» **MATERIAL FOR THE TASK**:
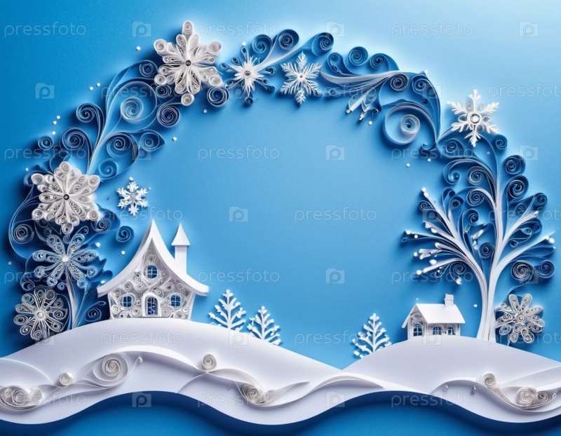 Крупный план бумажной работы в технике квиллинга, изображающей зимнюю сцену. Работа представляет собой завитки из белой бумаги, расположенные так, чтобы сформировать снежный пейзаж с деревьями и декоративной аркой из снежинок. Копировальное пространство.
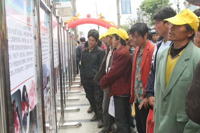 6月3 日,由县安委会牵头组织国土、安监、公安交警、交通运输、工能等多家部门开展6月安全宣传月活动,现场共制作宣传展板20多幅,展出内容涉及交通、建筑施工、预防地质灾害、煤矿安全等,发放各种宣传资料2万多份。副县长禄云参加了宣传活动。图为宣传活动现场。(本报记者 王德聪)
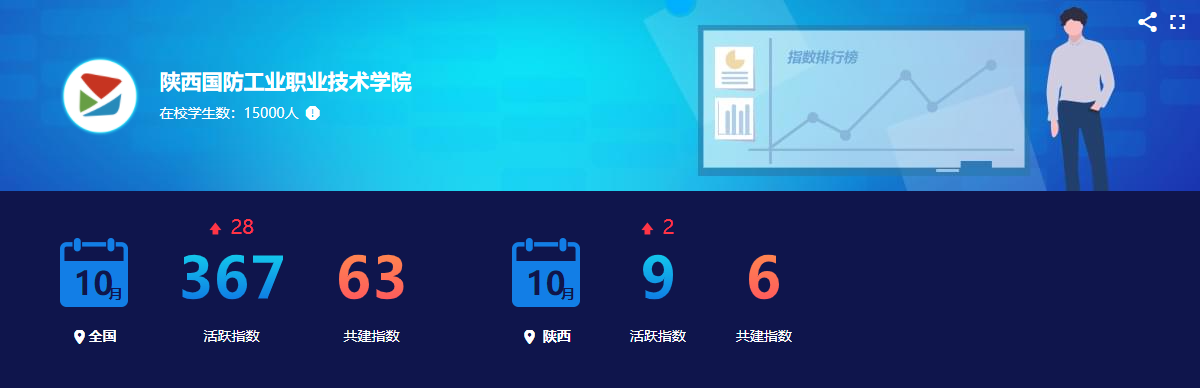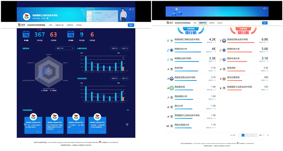 近日,教育部易班发展中心大数据平台公布了2021年10月陕西共建高校“双指数”排行榜单,我校共建指数实现历史性零的突破,荣登全省第6名,名列全国第63名;活跃指数较9月有所攀升,全省提高2位至第9名,全国提高28位至第367名。
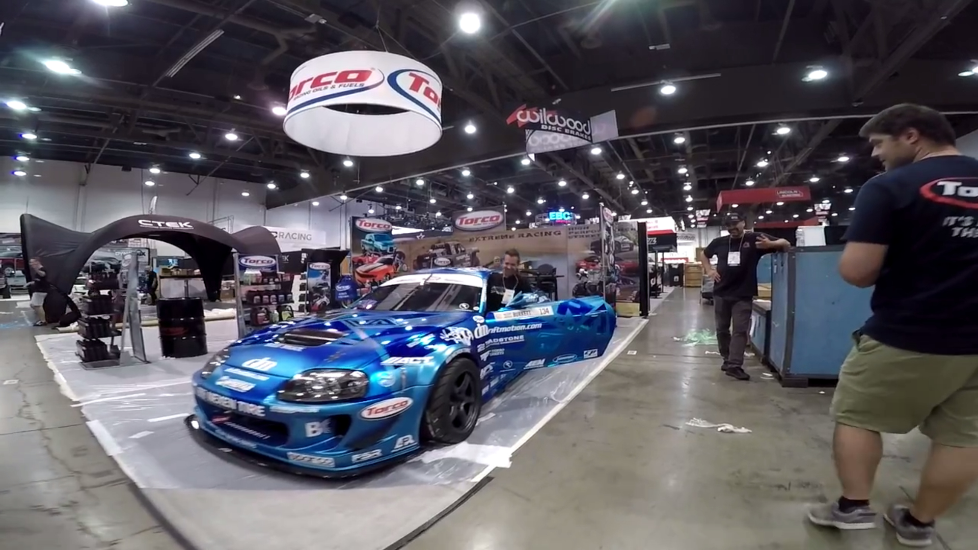 Burkett’s sponsor Torco Racing Oil gives a nice story into Burkett’s humble beginnings in drifting and attempting to gain sponsors. Eventually, the video ends the way it started, Burkett drives his Supra on the SEMA floor to exit, but first, he has to warm up his engine. I’m jealous of him blipping a race car’s throttle inside a building and driving it on the Vegas streets for a short period of time.
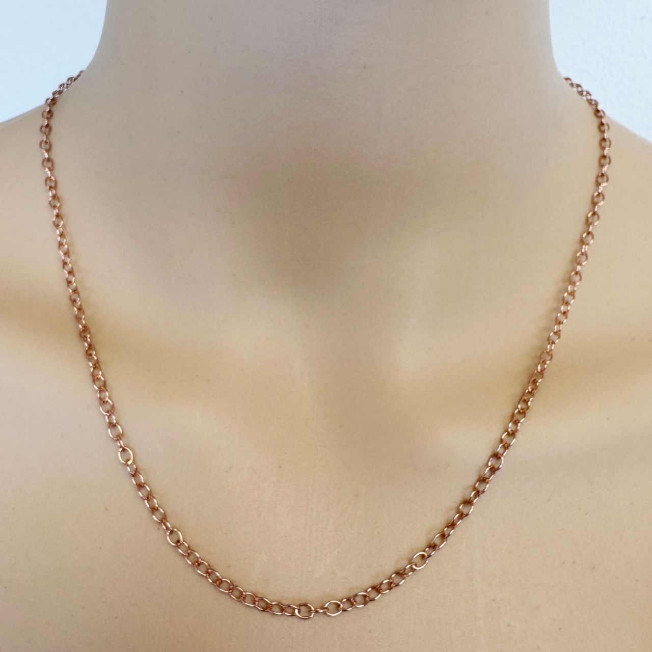 Custom wishlist OK Add to wishlist Add to compare list Rose Gold Over Sterling Silver Finished Chain - Strong Flat Cable Chain SKU : 601051-RG Lengths: 16" - 36" links are 2.4mm long and 2mm wide. $14.25 Add to cart
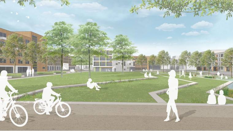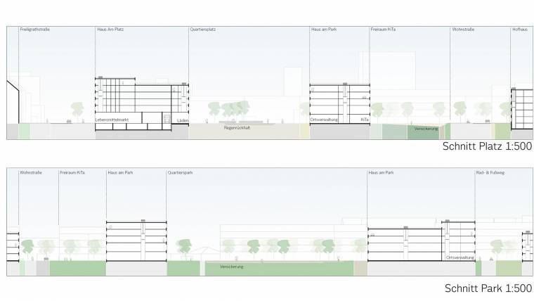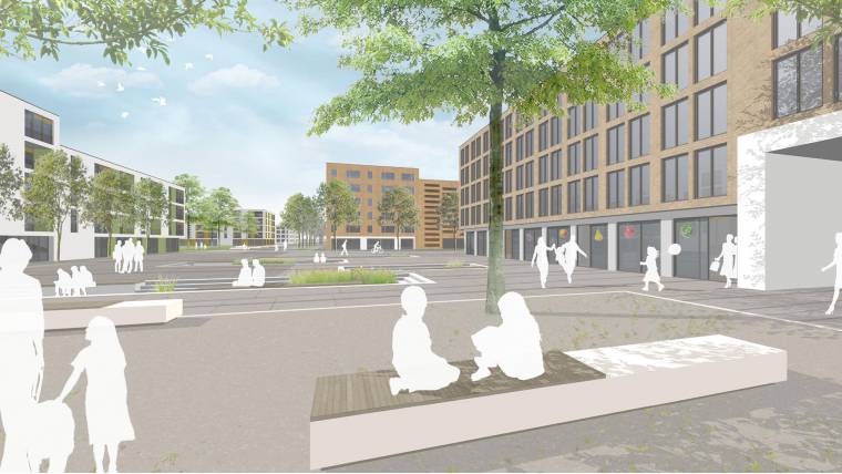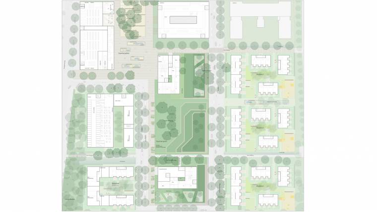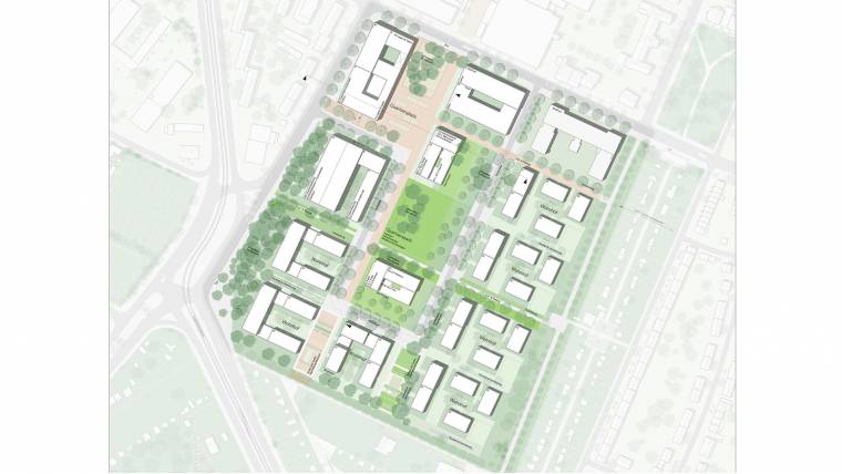 […] Ein vergleichsweise groß dimensionierter Quartiersplatz öffnet sich zur Straße „An der Goldgrube“ und bezieht dabei einige bestehende Bäume mit ein. Auch entlang der Freiligrathstraße wird durch ein Zurückweichen der Bebauung der Erhalt von bestehenden Baumstandorten ermöglicht.
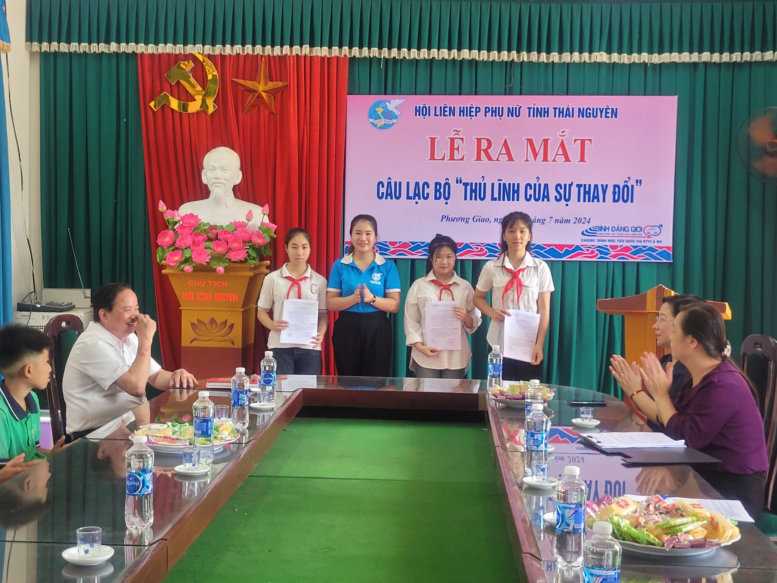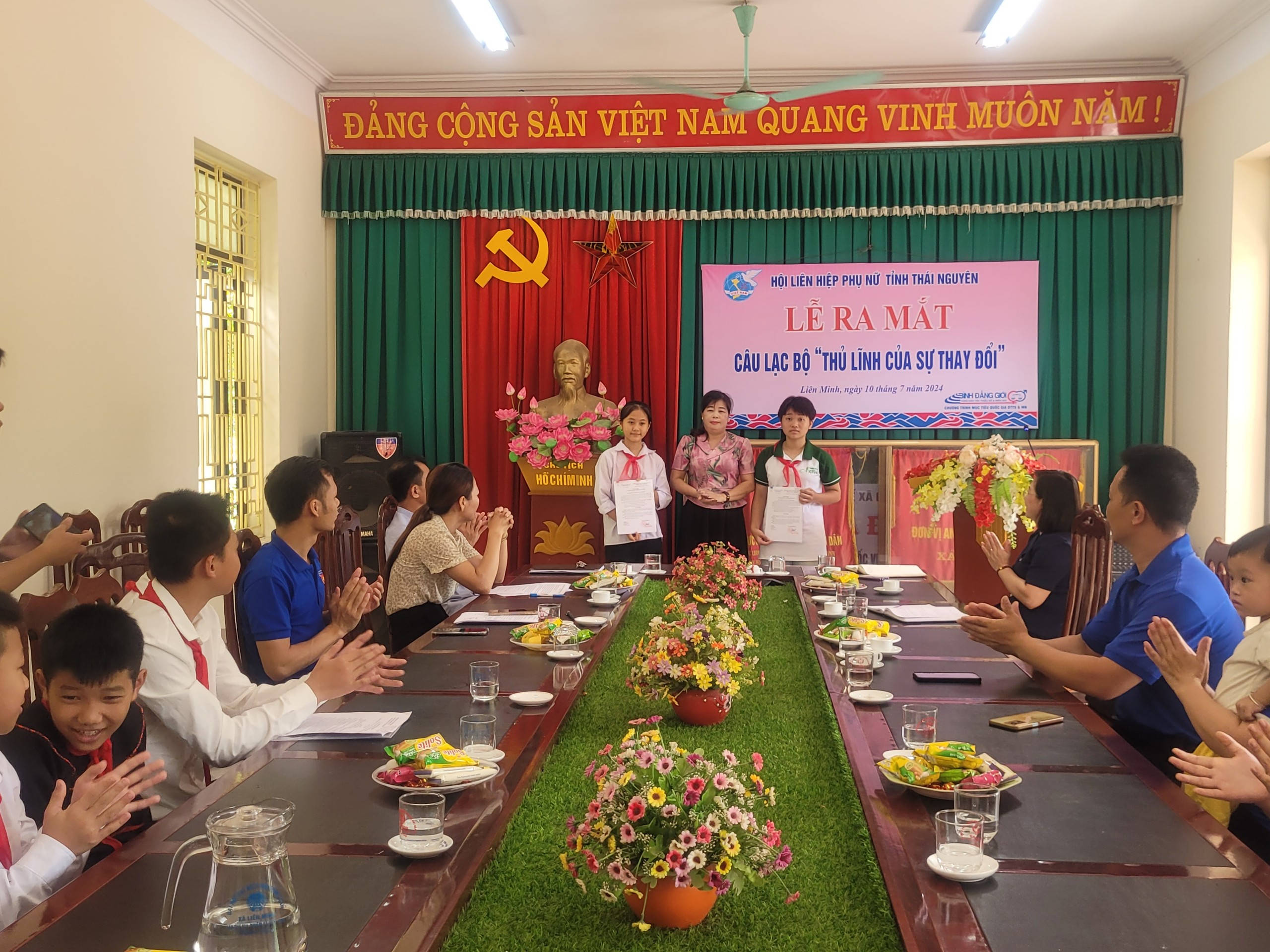 Thực hiện Kế hoạch triển khai hoạt động Dự án 8 cấp tỉnh năm 2024 “Thực hiện bình đẳng giới và giải quyết những vấn đề cấp thiết đối với phụ nữ và trẻ em”, trong ngày 10/7/2024, tại xã Liên Minh và xã Phương Giao, huyện Võ Nhai, Hội LHPN tỉnh tổ chức ra mắt 05 câu lạc bộ “Thủ lĩnh của sự thay đổi” tại 02 xã. Dự Lễ ra mắt mô hình có đồng chí Trần Kim Dung, Phó Chủ tịch Hội LHPN tỉnh; lãnh đạo Hội LHPN huyện Võ Nhai; lãnh đạo cấp uỷ, chính quyền, Hội LHPN xã Liên Minh và xã Phương Giao; Dẫn trình viên, Ban chủ nhiệm và thành viên các câu lạc bộ.
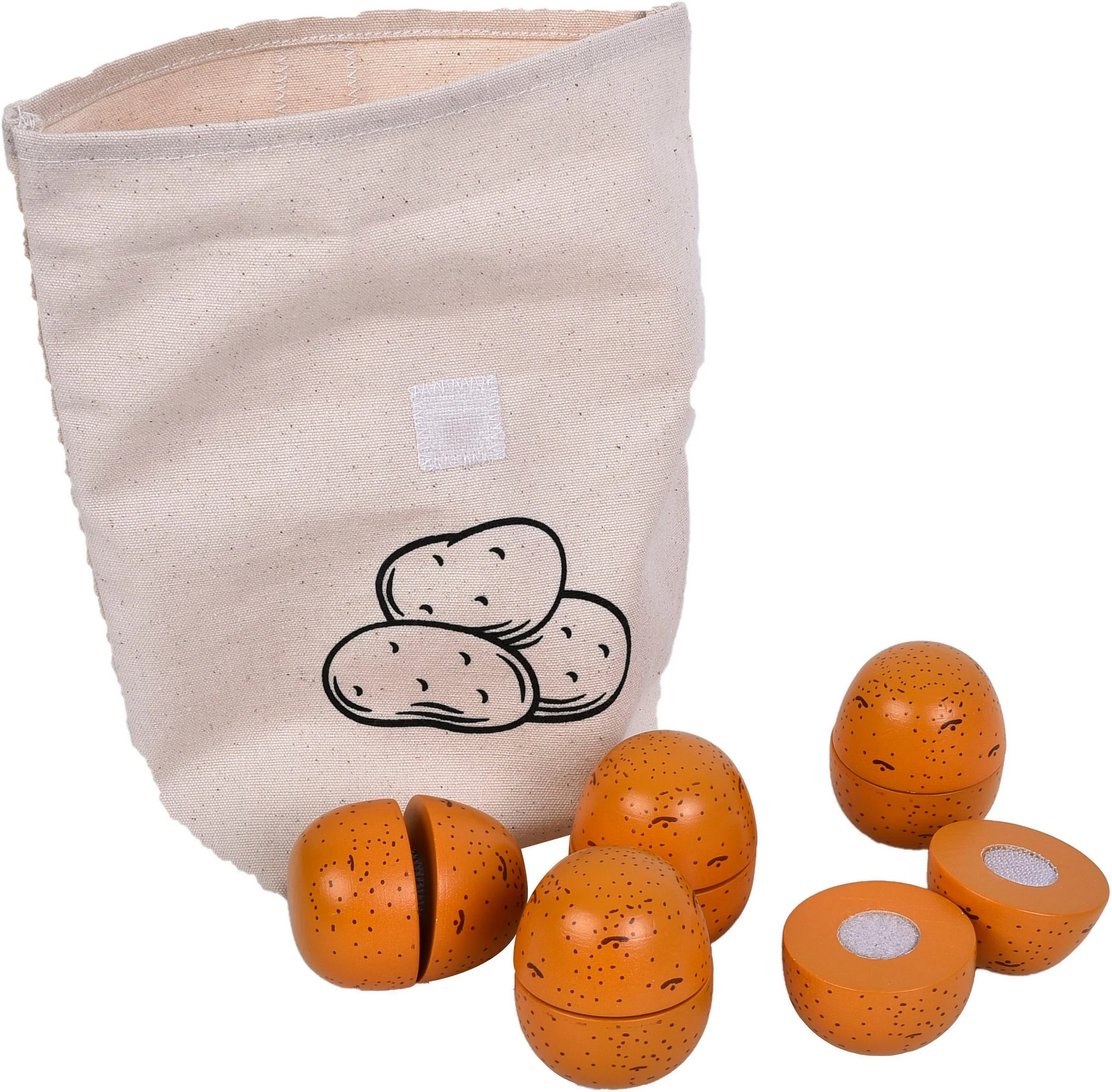 Holzkartoffeln zum Schneiden – Spiellebensmittel im Baumwollsäckchen
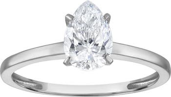 This 14-karat-gold ring brings powerful shine to your ensembles, centered with a teardrop-cut lab-grown diamond solitaire.
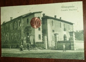 Cartolina d'epoca paesagg Italia Lombardia Milano Abbiategrasso Castello Visc
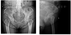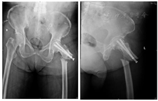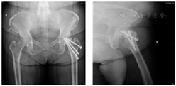 2.2015年12月双髋关节正侧位片显示左侧股骨颈骨折已愈合,发生颈吸收、颈短缩,空心钉退钉(图2)。
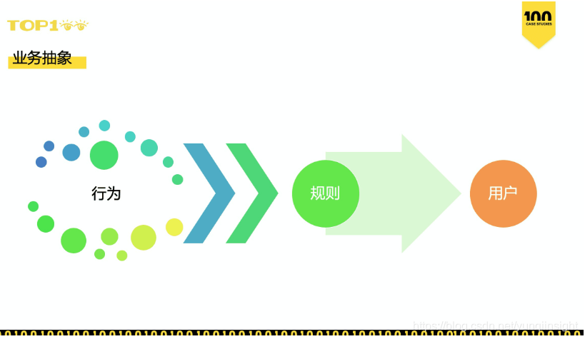 针对上述问题,我们先做了一层业务抽象。运营先通过对用户的各种行为进行一个分析和归类,得出一个共同的具体的规则,再将这个规则实时地作用到用户身上进行干预。

» **PROBLEM STATEMENT**:
Restate the material above word for word, so that nothing changes except that the pictures are gone.

» **RESULT OF THIS TASK**:
 Крупный план бумажной работы в технике квиллинга, изображающей зимнюю сцену. Работа представляет собой завитки из белой бумаги, расположенные так, чтобы сформировать снежный пейзаж с деревьями и декоративной аркой из снежинок. Копировальное пространство.
 6月3 日,由县安委会牵头组织国土、安监、公安交警、交通运输、工能等多家部门开展6月安全宣传月活动,现场共制作宣传展板20多幅,展出内容涉及交通、建筑施工、预防地质灾害、煤矿安全等,发放各种宣传资料2万多份。副县长禄云参加了宣传活动。图为宣传活动现场。(本报记者 王德聪)
 近日,教育部易班发展中心大数据平台公布了2021年10月陕西共建高校“双指数”排行榜单,我校共建指数实现历史性零的突破,荣登全省第6名,名列全国第63名;活跃指数较9月有所攀升,全省提高2位至第9名,全国提高28位至第367名。
 Burkett’s sponsor Torco Racing Oil gives a nice story into Burkett’s humble beginnings in drifting and attempting to gain sponsors. Eventually, the video ends the way it started, Burkett drives his Supra on the SEMA floor to exit, but first, he has to warm up his engine. I’m jealous of him blipping a race car’s throttle inside a building and driving it on the Vegas streets for a short period of time.
 Custom wishlist OK Add to wishlist Add to compare list Rose Gold Over Sterling Silver Finished Chain - Strong Flat Cable Chain SKU : 601051-RG Lengths: 16" - 36" links are 2.4mm long and 2mm wide. $14.25 Add to cart
 […] Ein vergleichsweise groß dimensionierter Quartiersplatz öffnet sich zur Straße „An der Goldgrube“ und bezieht dabei einige bestehende Bäume mit ein. Auch entlang der Freiligrathstraße wird durch ein Zurückweichen der Bebauung der Erhalt von bestehenden Baumstandorten ermöglicht.
 Thực hiện Kế hoạch triển khai hoạt động Dự án 8 cấp tỉnh năm 2024 “Thực hiện bình đẳng giới và giải quyết những vấn đề cấp thiết đối với phụ nữ và trẻ em”, trong ngày 10/7/2024, tại xã Liên Minh và xã Phương Giao, huyện Võ Nhai, Hội LHPN tỉnh tổ chức ra mắt 05 câu lạc bộ “Thủ lĩnh của sự thay đổi” tại 02 xã. Dự Lễ ra mắt mô hình có đồng chí Trần Kim Dung, Phó Chủ tịch Hội LHPN tỉnh; lãnh đạo Hội LHPN huyện Võ Nhai; lãnh đạo cấp uỷ, chính quyền, Hội LHPN xã Liên Minh và xã Phương Giao; Dẫn trình viên, Ban chủ nhiệm và thành viên các câu lạc bộ.
 Holzkartoffeln zum Schneiden – Spiellebensmittel im Baumwollsäckchen
 This 14-karat-gold ring brings powerful shine to your ensembles, centered with a teardrop-cut lab-grown diamond solitaire.
 Cartolina d'epoca paesagg Italia Lombardia Milano Abbiategrasso Castello Visc
 2.2015年12月双髋关节正侧位片显示左侧股骨颈骨折已愈合,发生颈吸收、颈短缩,空心钉退钉(图2)。
 针对上述问题,我们先做了一层业务抽象。运营先通过对用户的各种行为进行一个分析和归类,得出一个共同的具体的规则,再将这个规则实时地作用到用户身上进行干预。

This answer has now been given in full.